Dealing with Dependent Uncertainty in Modelling: A Comparative Study Case through the Airy Equation

Instituto Universitario de Matemática Multidisciplinar, Universitat Politècnica de València, Camino de Vera s/n, 46022 Valencia, Spain

Received 12 July 2013; Accepted 16 September 2013

Academic Editor: Benito Chen-Charpentier

Copyright © 2013 J.-C. Cortés et al. This is an open access article distributed under the Creative Commons Attribution License, which permits unrestricted use, distribution, and reproduction in any medium, provided the original work is properly cited.


The consideration of uncertainty in differential equations leads to the emergent area of random differential equations. Under this approach, inputs become random variables and/or stochastic processes. Often one assumes that inputs are independent, a hypothesis that simplifies the mathematical treatment although it could not be met in applications. In this paper, we analyse, through the Airy equation, the influence of statistical dependence of inputs on the output, computing its expectation and standard deviation by Fröbenius and Polynomial Chaos methods. The results are compared with Monte Carlo sampling.

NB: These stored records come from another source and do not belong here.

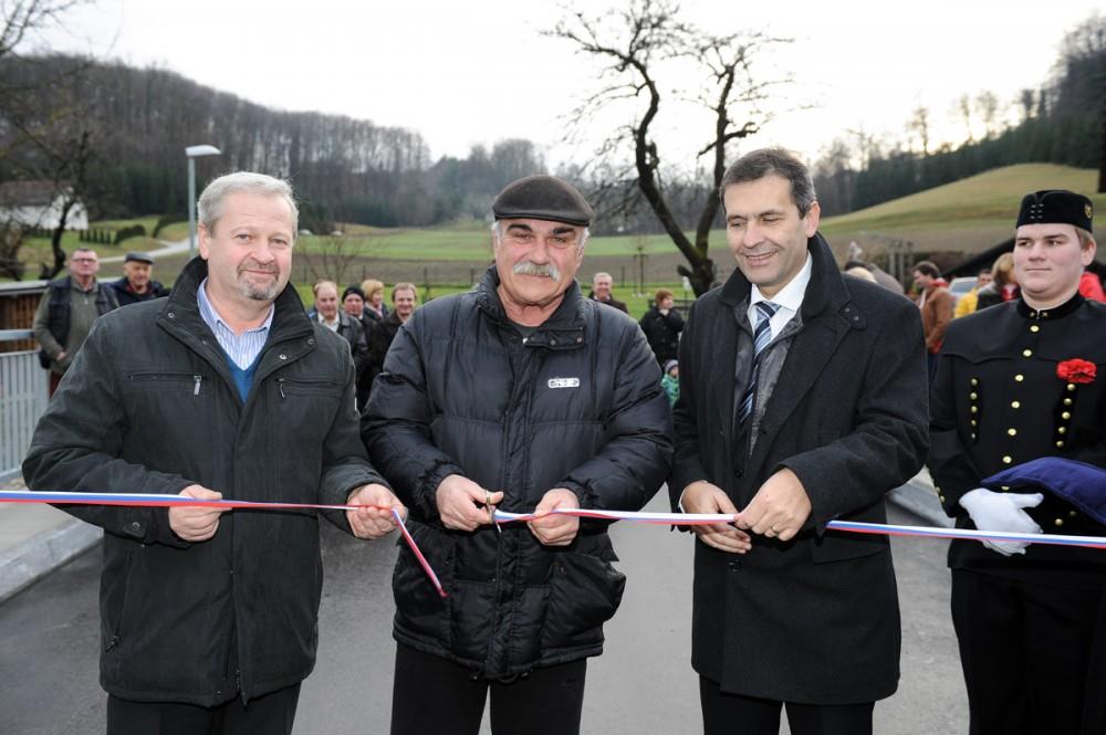 Župan občine Krško mag. Miran Stanko, predsednik sveta KS Senovo Vlado Grahovac in domačin Željko Golob so včeraj v okviru praznika KS Senovo slovesno odprli nov most pri športnem igrišču Dovško na Senovem.
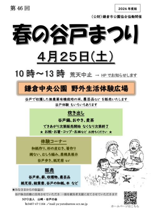 野外生活体験広場 で、 和紙作り、杉の皮むき、箸作り、谷戸歩き、紙芝居などの体験コーナーや、谷戸鍋・おやき・麦茶の炊き出しなど、さまざまな催しが用意されています。無農薬有機栽培の米や農芸品などの販売も♪盛りだくさんの内容です!
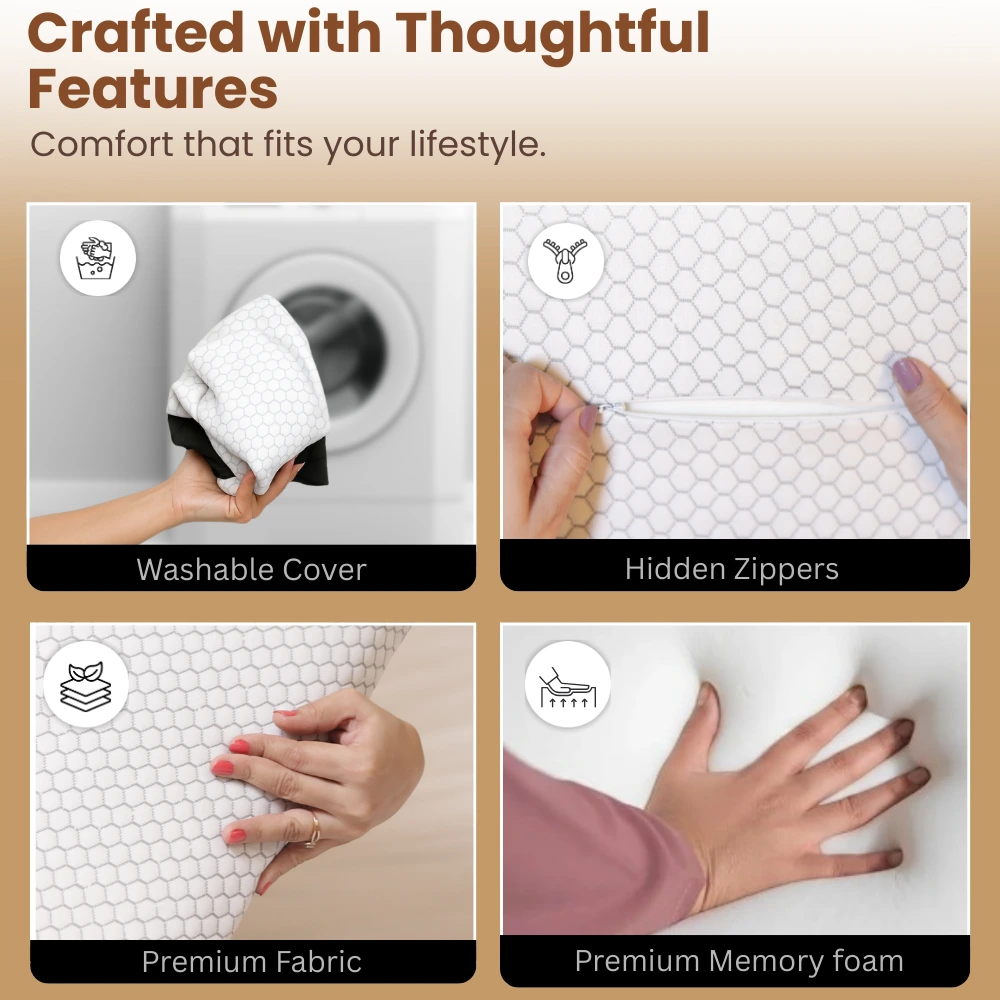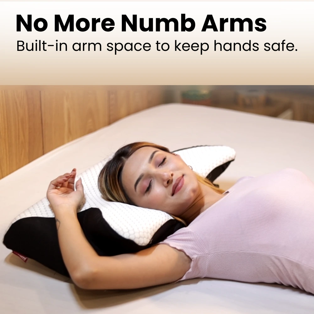 With built-in arm rests, this pillow supports side sleeping by cushioning your arms and relieving pressure—helping you wake up without numbness or discomfort.

The analysis is conducted by the Airy equation since, as in the deterministic scenario its solutions are highly oscillatory, it is expected that differences will be better highlighted. To illustrate our study, and motivated by the ubiquity of Gaussian random variables in numerous practical problems, we assume that inputs follow a multivariate Gaussian distribution throughout the paper. The application of Fröbenius method to solve Airy equation is based on an extension of the method to the case where inputs are dependent. The numerical results show that the existence of statistical dependence among the inputs and its magnitude entails changes on the variability of the output.